Of course people apply Federation philosophy differently in their lives. As I said, I do not consider myself an NFB superman. I am learning all the time from a network of dear friends who share the same mission. For instance, my Braille skills leave a lot to be desired. Part of that stems from two separate accidents as a teenager--one in football and the other in a motorcycle wreck, which apparently destroyed the feeling in my right hand. I use Braille daily, but I won’t ever be able to read it nearly as fast as most others. At the same time, I am a fierce advocate for Braille, especially when it comes to children. That's because it's about literacy, the ticket to a life of self-determination and contribution. The point is that, although I don't live out the model perfectly, the NFB gives something to aim at and the framework from which I can effectively press for goals that positively affect blind people's lives.

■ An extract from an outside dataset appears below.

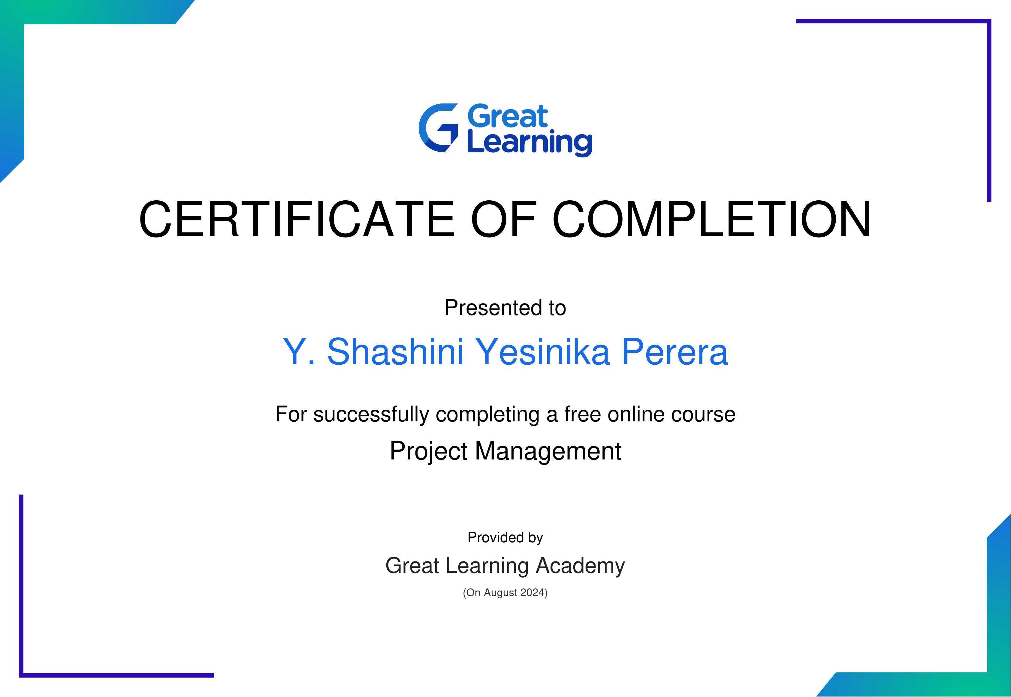 The certificate above verifies that Y. Shashini Yesinika Perera has successfully completed the course Project Management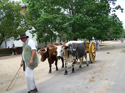Oxen were commonplace in British colonies starting in the 1600s. Plantation owners and small farmers relied on them for all sorts of tasks as well as for milk, meat, hides, and fat. During the Revolutionary War, oxen hauled supplies; they were links in the Continental Army's logistical network. In September 1781, Williamsburg citizens saw what was probably the largest assemblage of cattle in the town's history when George Washington's supply column passed through on its way to the Battle of Yorktown.

I agree that blind people face the same problems any pedestrians do, and audible traffic signals are not "the" answer in a world increasingly favoring the automobile. And I agree very much that there may be creative solutions to the problems faced by pedestrians. My main concern about what you said regarding the different strokes thing is that your words bolstered the idea that the solution to the pedestrian problem may be environmental rather than personal. In my opinion the access movement threatens the blind far more than any pedestrian problem ever could. We should not abandon the concepts of believing in the abilities of the blind and the daily application of the alternative techniques of blindness. I fear that the access movement will result in a backslide in which we start to blame blindness itself for our problems rather than acting out the Federation themes of can-do attitudes and personal responsibility. When I hear people crying out for more audible traffic signals or other environmental changes, it makes me afraid for those who come behind us. Somehow we've got to redouble our resolve to define blindness in our own terms.
Many fellow blind people hold the worst notions of blindness. We cannot afford these to set the stage for all of us. That's why the NFB challenges those who reach for something external rather than internal. I want to see action on the part of those who get offended when personal responsibility is raised. No one wants to feel that he or she doesn't measure up. It's a lousy feeling. But it's even more lousy to ignore what we know lies within the realm of possibilities. I believe the Federation should push and push hard on our agenda. This doesn't mean we have to be jerks in the process. We do want to open our arms and provide the support it takes to make a difference in people's lives. No matter what we do, some will choose to reject our understanding of what it means to be blind. This saddens me but doesn't deter me from pressing the Federation agenda. Our dreams say that we want a better world for ourselves, for others in similar situations, and for those who come after us. Reality means that we win some, and we lose some, but being a Federationist means we never give up the dream and never give up sharing it with those who can benefit.